Notably, the standard for determining whether an issue is waivable on appeal is identical to that employed in determining whether the narrow mode of proceedings exception to the preservation rule applies. In People v Hanley, the Court of Appeals described mode of proceedings errors as a "tightly circumscribed class" that excludes "most errors of constitutional dimension" and "encompasses only the most fundamental flaws that implicate jurisdictional matters . . . or rights of a constitutional dimension that go to the very heart of the process" (20 NY3d 601, 604-605 [2013] [internal quotation marks and citation omitted]). Applying this standard, New York courts have long held that a claim that a statute is unconstitutional is subject to the preservation requirement and does not implicate the mode of proceedings exception. Indeed, the Court of Appeals recently specifically so held with regard to claims that a statute is unconstitutional under Bruen (see People v David, 41 NY3d —, 2023 NY Slip Op 05970 [2023]).

Defendant's constitutional challenge to the third-degree weapon possession statute did not go to the heart of the adjudicative process, and plainly does not do so any more than the host of constitutional claims that have been held waivable on appeal.
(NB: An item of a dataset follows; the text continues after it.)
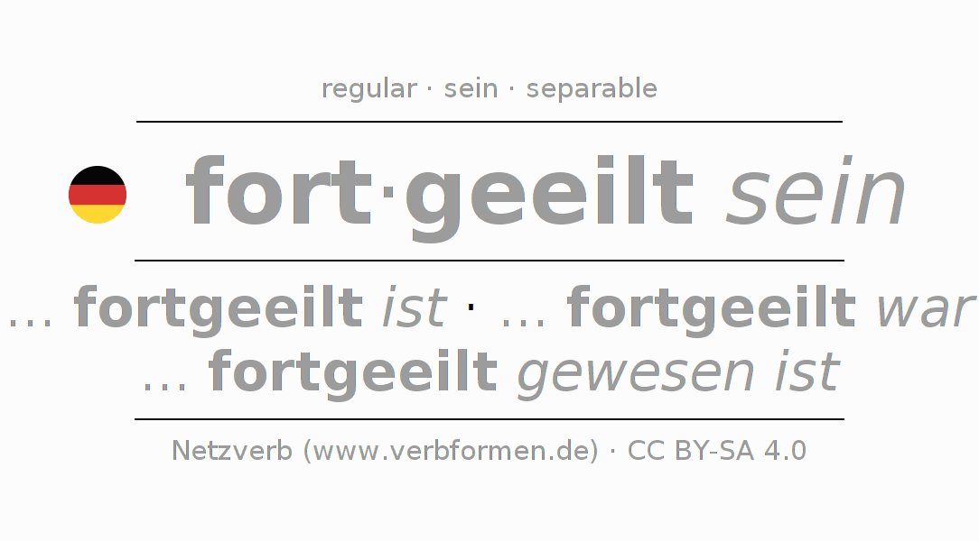 The conjugation of forteilen in Imperfect Indicative Past Statal Passive is ... ich fortgeeilt war, ... du fortgeeilt warst, ... er fortgeeilt war, ... wir fortgeeilt waren, ... ihr fortgeeilt wart, ... sie fortgeeilt waren.The conjugation corresponds to certain grammatical rules. Likewise the requirements for the conjugation of the simple verb forms of forteilen in Imperfect. Comments ☆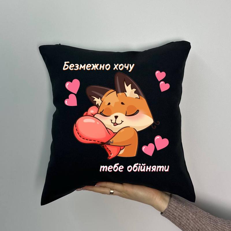 Подушка з принтом габардинова безмежно хочу тебе обійняти, чорна 35х35 (1550)

Thus, there is no principled reason to conclude that defendant's claim cannot be waived.

As an alternative holding, we find that on the present record, defendant lacked standing to challenge New York's gun licensing scheme because he did not apply for a gun license (see United States v Decastro, 682 F3d 160, 164 [2d Cir 2012], cert denied 568 US 1092 [2013]) and that he has failed to establish that his conviction is unconstitutional under Bruen (see People v Cherif, 220 AD3d 543 [1st Dept 2023], lv denied 40 NY3d 1079 [2023]; People v DeLarosa, 219 AD3d 1230 [1st Dept 2023], lv denied 40 NY3d 1080 [2023]; People v Adames, 216 AD3d 519, 520 [1st Dept 2023], lv denied 40 NY3d 949 [2023]).

Defendant's valid waiver of his right to appeal also forecloses review of his excessive sentence claim. In any event, we perceive no basis for reducing the sentence. Concur—Oing, J.P., Kapnick, Shulman, Rodriguez, O'Neill Levy, JJ.